Join the list of failure disks to the original data frame, keep only disks that do not have a failure.

In [21]:
#join the list of failure directories to the original data frame with a left join
df_nonfailure=df.join(df_failure_list,(((df.SERIAL_NUMBER) ==  (df_failure_list.SERIAL_NUMBERX)) ),"left")
#drop dummy key
df_nonfailure = df_nonfailure.drop("SERIAL_NUMBERX")
#assign dummy variable to indicate disk did not fail in 2020
df_nonfailure=df_nonfailure.na.fill(0,["wookie"]) 
#select only disks that failed
df_nonfailure=df_nonfailure.filter(df_nonfailure.wookie ==0)
#assign the predicted variable of 0
df_nonfailure = df_nonfailure.withColumn("TARGET", lit(0))
#clean things up
df_nonfailure = df_nonfailure.drop("wookie")

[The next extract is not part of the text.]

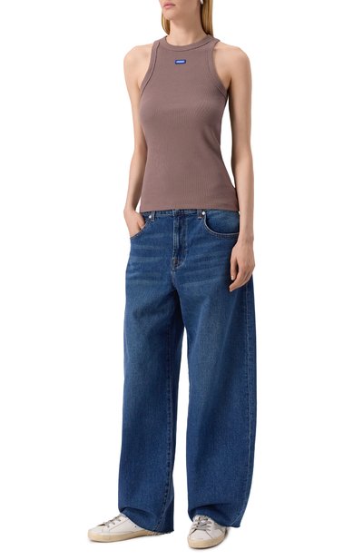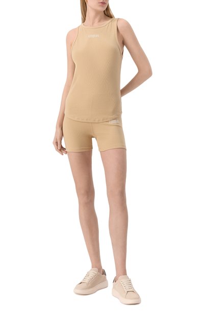 Майку с рельефным швом на спинке выполнили из стрейчевого хлопкового трикотажа в рубчик. Спереди изделие украсили логотипом марки.

Create a failure date way in the future for the nonfailure data

In [22]:
df_nonfailure = df_nonfailure.withColumn("FAILURE_DATE", expr("make_date(2099, 12, 12)"))

In [23]:
#df_nonfailure.show()

In [24]:
#print((df_nonfailure.count(), len(df_nonfailure.columns)))

In [25]:

df_failure = df_failure.drop("datediff")

In [26]:
#df_failure.show(1)

In [27]:
df = df_failure.unionByName(df_nonfailure)

In [28]:
z=df_failure.groupBy("TARGET").count()
z.show()

+------+------+
|TARGET| count|
+------+------+
|     1| 11000|
|     0|181789|
+------+------+



In [29]:
#df.show(1)

### 4.0 Create training, testing and validation groups <a id="40"></a>

Next, we will need to create a Training, Testing and Validation group for our modeling process.  In this use case and in most equipment failure problems, we can not randomly assign records to each group.  Because the data is a cross-sectional time-series, we must define the Training, Testing and Validation groups based on serial number.  I wrote about the reasons for this extensively in another article. For more information, please the following: 

https://medium.com/towards-data-science/assigning-panel-data-to-training-testing-and-validation-groups-for-machine-learning-models-7017350ab86e

Create a unique list of serial numbers

In [30]:
df_sample=df.select([c for c in df.columns if c in ['SERIAL_NUMBER']])
df_sample=df_sample.dropDuplicates(['SERIAL_NUMBER'])
df_sample=df_sample.withColumn('wookie', rand())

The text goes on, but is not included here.